• [PROVIDED MATERIAL]

++++++++

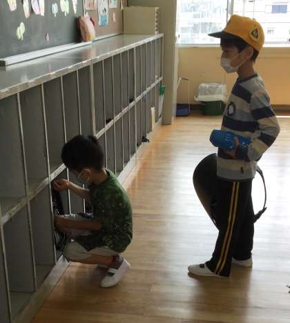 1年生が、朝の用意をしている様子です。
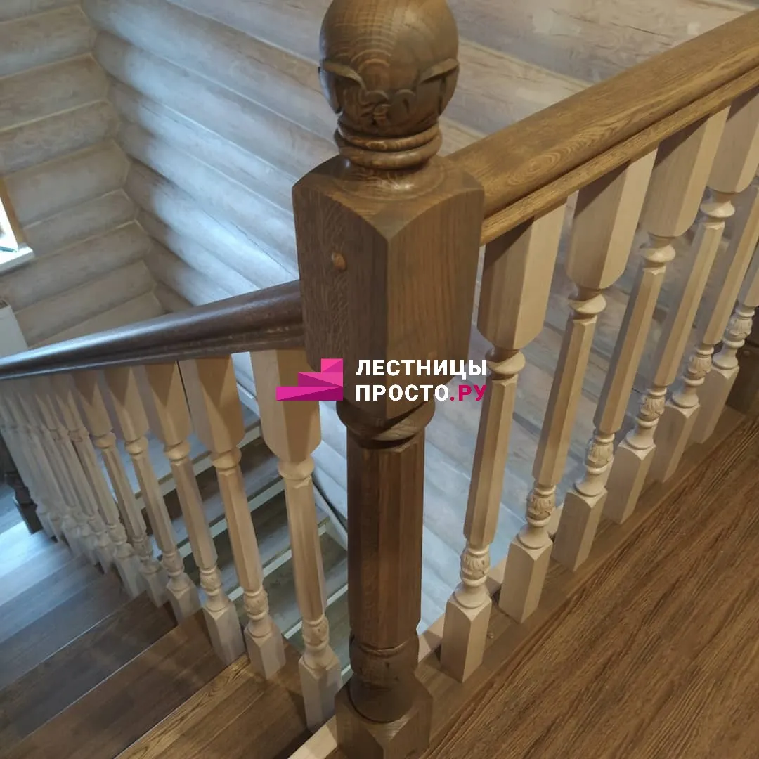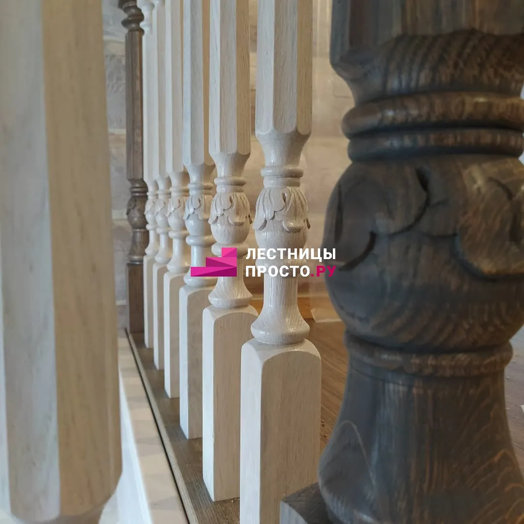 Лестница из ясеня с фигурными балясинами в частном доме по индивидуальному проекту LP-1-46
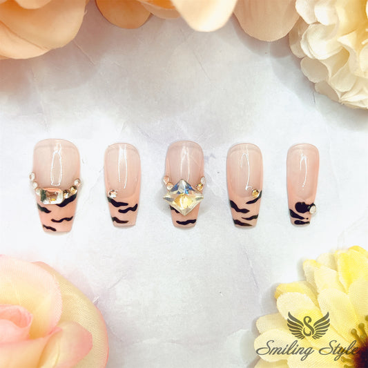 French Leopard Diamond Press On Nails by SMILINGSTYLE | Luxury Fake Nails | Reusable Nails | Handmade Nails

++++++++

• [EXERCISE DIRECTIONS]
Repeat each line of the material exactly, please, and skip every picture.

• [FINISHED EXERCISE]
 1年生が、朝の用意をしている様子です。
 Лестница из ясеня с фигурными балясинами в частном доме по индивидуальному проекту LP-1-46
 French Leopard Diamond Press On Nails by SMILINGSTYLE | Luxury Fake Nails | Reusable Nails | Handmade Nails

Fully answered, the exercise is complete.